Binance US — the American arm of crypto conglomerate Binance — has sought for months to convince regulators to give the green light to the acquisition. Its efforts have run into several road blocks, including opposition from the Securities and Exchange Commission and the Committee on Foreign Investment in the US, or Cfius, an inter-agency panel that screens proposed acquisitions for national security risks.
Voyager Digital tweeted on Tuesday that it received a letter from Binance US advising of the termination. It described the decision as “disappointing”, and said the reorganisation plan in its Chapter 11 bankruptcy proceedings allowed for a direct distribution of cash and cryptocurrency to customers.
The collapse of the proposed deal represents yet another blow to the crypto industry’s efforts to establish itself in the US amid a crackdown on digital assets by American regulators.
“Any time you have a company that says it wants to go in one direction and then it has to pull the plug, that’s not good,” said one Washington lobbyist who was previously approached for a job with Binance.

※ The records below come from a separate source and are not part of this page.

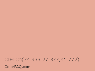CIELCh 74.933,27.377,41.772 Color is a light red color and the nearest color is Tonys Pink #e79f8c. Hex code #e8aa98 and RGB value is rgb(232,170,152). In RGB color space, this color is composed of 91% red, 67% green, 60% blue, In CMYK color space, this color is composed of 0% cyan, 27% magenta, 34% yellow , 9% black , In HSL color space, this color has a hue angle of 14° , 63% saturation and 75% lightness.
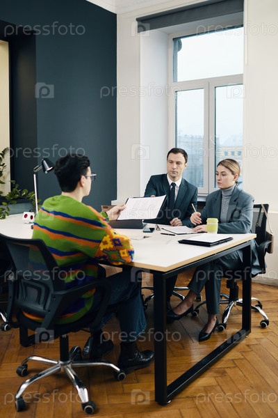 Кандидат, представляющий свое резюме на собеседовании
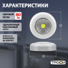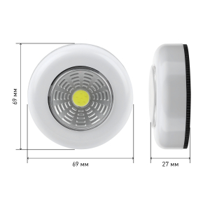 Светодиодный пушлайт ТРОФИ включается и выключается лёгким нажатием на корпус. Работает от 3 мизинчиковых батареек ААА. Одного комплекта алкалиновых элементов питания хватит на 5 часов непрерывной подсветки. Светит ярко благодаря современному COB-светодиоду. Источник света не перегорает и не тускнеет со временем. За счёт эргономичной круглой формы, малого веса и базового белого цвета фонарик прекрасно смотрится в любом интерьере. |
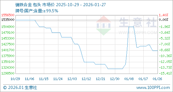 1月27日生意社镝铁合金基准价为1400000.00元/吨
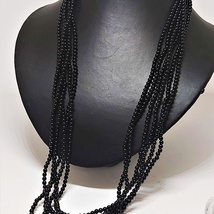 Langt festlig tre raders halskjede med sorte plastperler, charleston lengde
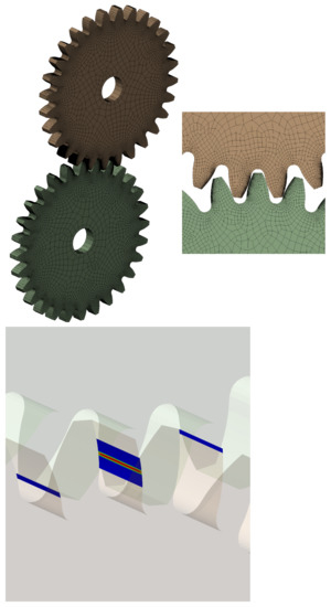 - Hu, W.; Chen, Z. A multi-mesh mpm for simulating the meshing process of spur gears. Comput. Struct. 2003, 81, 1991–2002. [Google Scholar] [CrossRef]
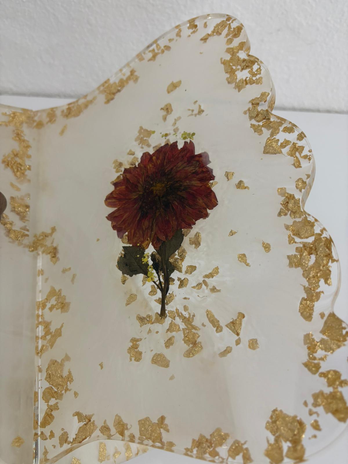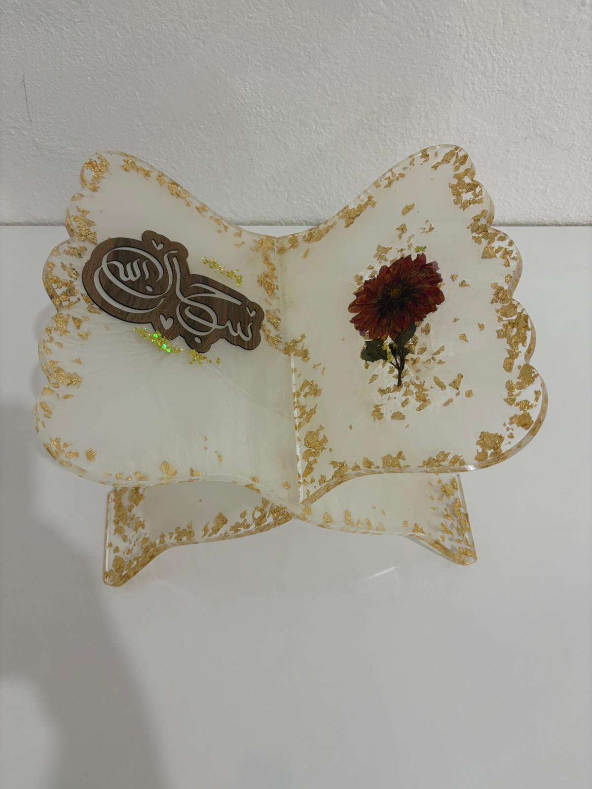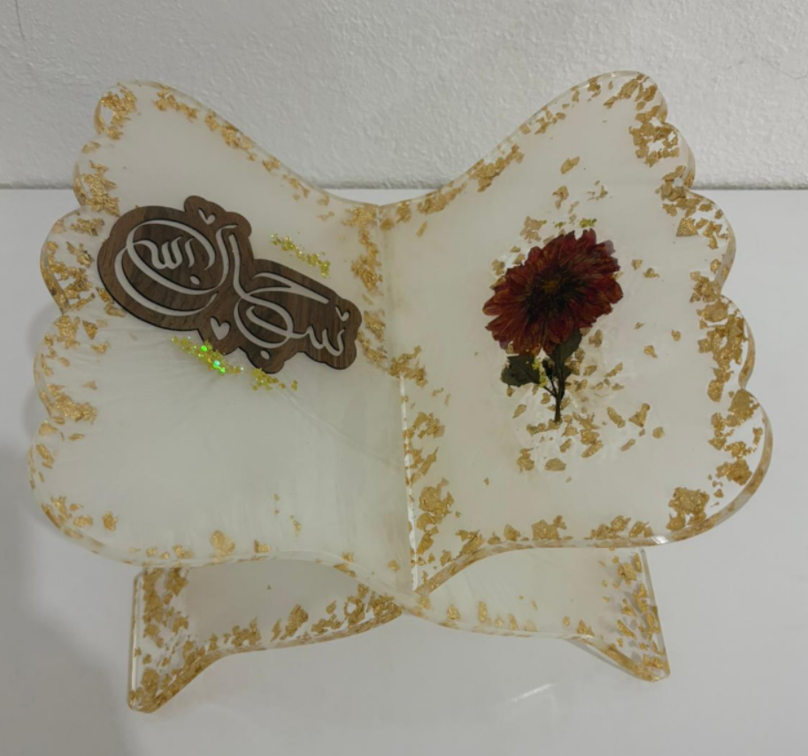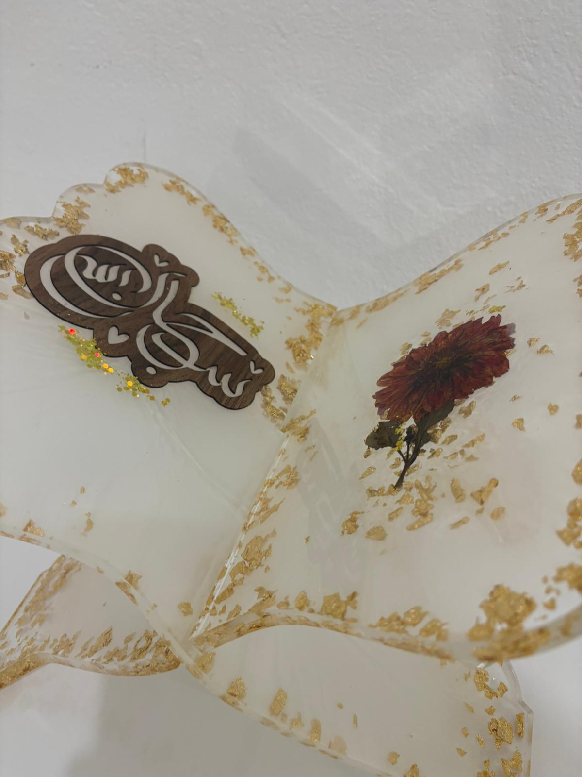 Kelebek formunda şeffaf epoksi rahle. Bir kanadında kurutulmuş çiçek, diğer kanadında lazer kesim yazı motifi bulunuyor. Kenarları altın varak parçalarıyla süslendi, parlak ve şık bir görünüm kazandı.

Earlier this year, Binance chief executive Changpeng Zhao said the company intended to pull back on potential investments in the US as a result of a regulatory push from several American watchdogs that have trained their sights on crypto business.
Binance has long claimed that its American affiliate licenses its technology but remains an independent entity. However, links between the two exist, including Zhao, who remains the ultimate beneficial owner behind Binance US.
Earlier this year US regulators sued Binance, alleging much of its reported trading volume and profit came from access to US customers, undermining the group’s longstanding claims that both entities are separate.
Last month, the Financial Times revealed Binance hid substantial ties to China for several years, including an office in Shanghai and one Chinese bank that was used to pay some employee salaries.
Binance US said the “hostile and uncertain regulatory climate in the United States has introduced an unpredictable operating environment”.